■ What you have to do:
Look through the data below. Show each line where the string "that" occurs.

(Input data begins)

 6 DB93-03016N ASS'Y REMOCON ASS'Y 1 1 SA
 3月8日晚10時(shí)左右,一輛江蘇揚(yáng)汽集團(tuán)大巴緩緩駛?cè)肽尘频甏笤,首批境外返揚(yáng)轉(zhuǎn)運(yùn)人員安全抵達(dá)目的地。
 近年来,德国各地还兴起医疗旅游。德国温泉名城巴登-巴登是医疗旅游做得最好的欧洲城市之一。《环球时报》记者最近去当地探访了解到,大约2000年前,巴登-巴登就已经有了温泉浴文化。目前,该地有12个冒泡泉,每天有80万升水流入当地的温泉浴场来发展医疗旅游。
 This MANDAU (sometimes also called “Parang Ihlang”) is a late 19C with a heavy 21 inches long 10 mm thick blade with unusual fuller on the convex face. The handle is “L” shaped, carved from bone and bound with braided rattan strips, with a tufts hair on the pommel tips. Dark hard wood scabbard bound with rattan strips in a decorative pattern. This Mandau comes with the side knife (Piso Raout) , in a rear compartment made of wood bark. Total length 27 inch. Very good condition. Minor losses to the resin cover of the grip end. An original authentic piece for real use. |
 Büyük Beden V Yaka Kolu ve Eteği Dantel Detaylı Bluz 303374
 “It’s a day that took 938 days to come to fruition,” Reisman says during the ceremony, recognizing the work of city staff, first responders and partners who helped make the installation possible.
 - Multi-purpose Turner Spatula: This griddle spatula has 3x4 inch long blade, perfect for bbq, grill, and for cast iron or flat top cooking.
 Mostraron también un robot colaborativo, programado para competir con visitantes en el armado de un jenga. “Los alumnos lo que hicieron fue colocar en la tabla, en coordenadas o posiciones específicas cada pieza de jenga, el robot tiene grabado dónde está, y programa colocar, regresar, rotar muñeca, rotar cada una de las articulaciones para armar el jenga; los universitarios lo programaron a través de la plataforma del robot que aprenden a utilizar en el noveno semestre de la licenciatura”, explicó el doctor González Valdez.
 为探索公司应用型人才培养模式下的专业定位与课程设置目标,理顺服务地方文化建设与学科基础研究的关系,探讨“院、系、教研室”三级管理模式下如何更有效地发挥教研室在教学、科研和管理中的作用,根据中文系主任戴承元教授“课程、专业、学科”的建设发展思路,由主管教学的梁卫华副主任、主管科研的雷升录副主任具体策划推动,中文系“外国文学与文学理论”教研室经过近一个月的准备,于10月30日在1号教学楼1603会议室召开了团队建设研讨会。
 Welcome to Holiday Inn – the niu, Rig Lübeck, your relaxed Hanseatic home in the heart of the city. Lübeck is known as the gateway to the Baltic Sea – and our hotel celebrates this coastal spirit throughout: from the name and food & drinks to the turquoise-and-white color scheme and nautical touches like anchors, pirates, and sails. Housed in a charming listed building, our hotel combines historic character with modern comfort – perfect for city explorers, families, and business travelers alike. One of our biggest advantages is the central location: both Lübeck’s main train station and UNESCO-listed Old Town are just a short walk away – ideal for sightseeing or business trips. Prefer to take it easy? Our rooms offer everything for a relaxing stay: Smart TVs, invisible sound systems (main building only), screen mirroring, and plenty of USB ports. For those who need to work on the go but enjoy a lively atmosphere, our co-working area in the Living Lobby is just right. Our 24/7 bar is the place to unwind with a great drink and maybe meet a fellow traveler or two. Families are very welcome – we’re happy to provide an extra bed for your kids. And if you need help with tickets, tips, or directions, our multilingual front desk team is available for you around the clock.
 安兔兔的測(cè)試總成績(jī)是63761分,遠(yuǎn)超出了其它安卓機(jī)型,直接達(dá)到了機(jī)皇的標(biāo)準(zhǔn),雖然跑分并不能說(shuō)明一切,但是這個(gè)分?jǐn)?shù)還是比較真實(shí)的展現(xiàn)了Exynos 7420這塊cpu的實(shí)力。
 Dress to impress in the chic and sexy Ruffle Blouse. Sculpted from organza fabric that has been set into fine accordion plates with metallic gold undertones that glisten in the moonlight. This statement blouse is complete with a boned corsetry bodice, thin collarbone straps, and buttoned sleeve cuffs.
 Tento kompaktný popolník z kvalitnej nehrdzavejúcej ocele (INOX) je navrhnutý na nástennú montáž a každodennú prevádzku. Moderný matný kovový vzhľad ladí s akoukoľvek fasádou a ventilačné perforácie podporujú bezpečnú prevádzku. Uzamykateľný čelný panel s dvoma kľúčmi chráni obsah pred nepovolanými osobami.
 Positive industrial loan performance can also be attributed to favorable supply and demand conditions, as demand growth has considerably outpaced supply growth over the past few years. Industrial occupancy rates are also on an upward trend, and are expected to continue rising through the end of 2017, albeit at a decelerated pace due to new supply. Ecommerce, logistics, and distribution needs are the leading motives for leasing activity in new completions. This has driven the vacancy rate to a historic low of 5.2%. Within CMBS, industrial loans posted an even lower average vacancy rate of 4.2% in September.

(Input data ends)

■ Reply:
 “It’s a day that took 938 days to come to fruition,” Reisman says during the ceremony, recognizing the work of city staff, first responders and partners who helped make the installation possible.
 Dress to impress in the chic and sexy Ruffle Blouse. Sculpted from organza fabric that has been set into fine accordion plates with metallic gold undertones that glisten in the moonlight. This statement blouse is complete with a boned corsetry bodice, thin collarbone straps, and buttoned sleeve cuffs.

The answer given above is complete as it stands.